-- TASK STATEMENT --
Once the line with "2021年9月17日水質(zhì)檢驗報告 ??" is found in the data, output it and each following line exactly, up to and including the line with "Ο Αγιούμπ Ελ", and nothing before or after.

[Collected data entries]
----

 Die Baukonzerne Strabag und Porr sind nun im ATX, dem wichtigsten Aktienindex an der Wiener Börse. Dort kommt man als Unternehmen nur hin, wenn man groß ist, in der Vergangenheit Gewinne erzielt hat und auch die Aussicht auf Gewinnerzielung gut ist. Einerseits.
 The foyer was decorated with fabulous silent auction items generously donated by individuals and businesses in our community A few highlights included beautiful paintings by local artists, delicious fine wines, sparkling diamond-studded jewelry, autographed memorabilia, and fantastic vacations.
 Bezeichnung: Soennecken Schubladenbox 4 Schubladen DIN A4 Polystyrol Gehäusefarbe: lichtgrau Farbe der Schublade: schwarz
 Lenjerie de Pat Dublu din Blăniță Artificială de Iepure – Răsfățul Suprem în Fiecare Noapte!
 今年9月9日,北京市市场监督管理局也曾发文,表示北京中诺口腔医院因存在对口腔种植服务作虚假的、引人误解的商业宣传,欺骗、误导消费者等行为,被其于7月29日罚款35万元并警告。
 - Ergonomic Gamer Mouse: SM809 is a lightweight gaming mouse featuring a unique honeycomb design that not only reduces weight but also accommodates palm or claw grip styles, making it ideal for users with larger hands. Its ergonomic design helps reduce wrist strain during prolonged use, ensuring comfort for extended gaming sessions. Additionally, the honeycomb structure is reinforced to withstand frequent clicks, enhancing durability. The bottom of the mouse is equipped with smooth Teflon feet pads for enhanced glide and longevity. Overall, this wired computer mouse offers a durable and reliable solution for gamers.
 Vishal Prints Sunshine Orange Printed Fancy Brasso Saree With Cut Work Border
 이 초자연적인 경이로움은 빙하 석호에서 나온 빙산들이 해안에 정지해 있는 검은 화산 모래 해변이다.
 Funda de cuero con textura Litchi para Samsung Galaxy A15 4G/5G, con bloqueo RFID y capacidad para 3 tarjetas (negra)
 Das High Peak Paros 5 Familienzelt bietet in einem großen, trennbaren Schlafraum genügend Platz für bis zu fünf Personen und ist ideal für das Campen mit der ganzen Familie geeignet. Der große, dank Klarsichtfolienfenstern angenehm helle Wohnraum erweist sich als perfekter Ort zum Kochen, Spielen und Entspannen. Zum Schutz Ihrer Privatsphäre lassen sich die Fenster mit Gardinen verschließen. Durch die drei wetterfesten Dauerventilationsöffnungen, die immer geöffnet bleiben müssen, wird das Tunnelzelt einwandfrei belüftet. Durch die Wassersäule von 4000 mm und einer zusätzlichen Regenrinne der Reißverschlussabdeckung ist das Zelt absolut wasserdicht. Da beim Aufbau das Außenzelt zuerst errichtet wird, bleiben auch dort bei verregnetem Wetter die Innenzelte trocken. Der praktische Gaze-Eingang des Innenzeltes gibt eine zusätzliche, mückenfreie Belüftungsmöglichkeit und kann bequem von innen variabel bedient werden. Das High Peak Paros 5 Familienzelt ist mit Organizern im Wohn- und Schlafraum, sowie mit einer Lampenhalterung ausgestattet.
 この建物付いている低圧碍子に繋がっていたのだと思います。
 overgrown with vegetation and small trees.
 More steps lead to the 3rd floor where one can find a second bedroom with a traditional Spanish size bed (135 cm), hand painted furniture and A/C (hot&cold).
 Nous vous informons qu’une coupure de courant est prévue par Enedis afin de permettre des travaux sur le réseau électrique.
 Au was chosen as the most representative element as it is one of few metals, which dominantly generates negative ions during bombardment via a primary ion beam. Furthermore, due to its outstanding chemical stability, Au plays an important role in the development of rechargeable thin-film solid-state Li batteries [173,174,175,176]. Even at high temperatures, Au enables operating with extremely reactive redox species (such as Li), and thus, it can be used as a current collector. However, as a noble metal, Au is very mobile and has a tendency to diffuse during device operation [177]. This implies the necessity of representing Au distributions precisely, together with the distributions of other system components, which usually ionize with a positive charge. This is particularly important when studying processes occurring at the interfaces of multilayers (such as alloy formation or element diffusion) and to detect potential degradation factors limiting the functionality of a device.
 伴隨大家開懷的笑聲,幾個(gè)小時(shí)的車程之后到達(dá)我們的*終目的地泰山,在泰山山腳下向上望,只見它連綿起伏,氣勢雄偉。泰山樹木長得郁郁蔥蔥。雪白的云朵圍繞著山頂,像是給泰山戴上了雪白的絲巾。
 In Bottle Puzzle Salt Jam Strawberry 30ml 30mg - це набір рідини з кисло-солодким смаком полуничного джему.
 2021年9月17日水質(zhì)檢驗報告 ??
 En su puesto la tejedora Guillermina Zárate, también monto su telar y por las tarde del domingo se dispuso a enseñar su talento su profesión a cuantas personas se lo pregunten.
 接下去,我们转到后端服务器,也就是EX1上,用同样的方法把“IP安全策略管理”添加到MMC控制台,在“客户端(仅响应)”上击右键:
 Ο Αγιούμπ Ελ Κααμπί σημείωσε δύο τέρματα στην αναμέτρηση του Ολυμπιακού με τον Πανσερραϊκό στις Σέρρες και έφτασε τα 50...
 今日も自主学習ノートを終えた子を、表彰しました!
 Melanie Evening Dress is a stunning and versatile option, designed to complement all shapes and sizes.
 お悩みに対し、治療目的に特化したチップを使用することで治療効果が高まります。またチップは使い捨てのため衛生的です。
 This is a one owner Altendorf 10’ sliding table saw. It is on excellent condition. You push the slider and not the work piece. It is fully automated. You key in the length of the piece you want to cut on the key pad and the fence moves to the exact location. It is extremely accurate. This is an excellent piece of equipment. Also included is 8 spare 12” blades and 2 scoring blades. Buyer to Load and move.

----

-- SOLUTION BELOW --
 2021年9月17日水質(zhì)檢驗報告 ??
 En su puesto la tejedora Guillermina Zárate, también monto su telar y por las tarde del domingo se dispuso a enseñar su talento su profesión a cuantas personas se lo pregunten.
 接下去,我们转到后端服务器,也就是EX1上,用同样的方法把“IP安全策略管理”添加到MMC控制台,在“客户端(仅响应)”上击右键:
 Ο Αγιούμπ Ελ Κααμπί σημείωσε δύο τέρματα στην αναμέτρηση του Ολυμπιακού με τον Πανσερραϊκό στις Σέρρες και έφτασε τα 50...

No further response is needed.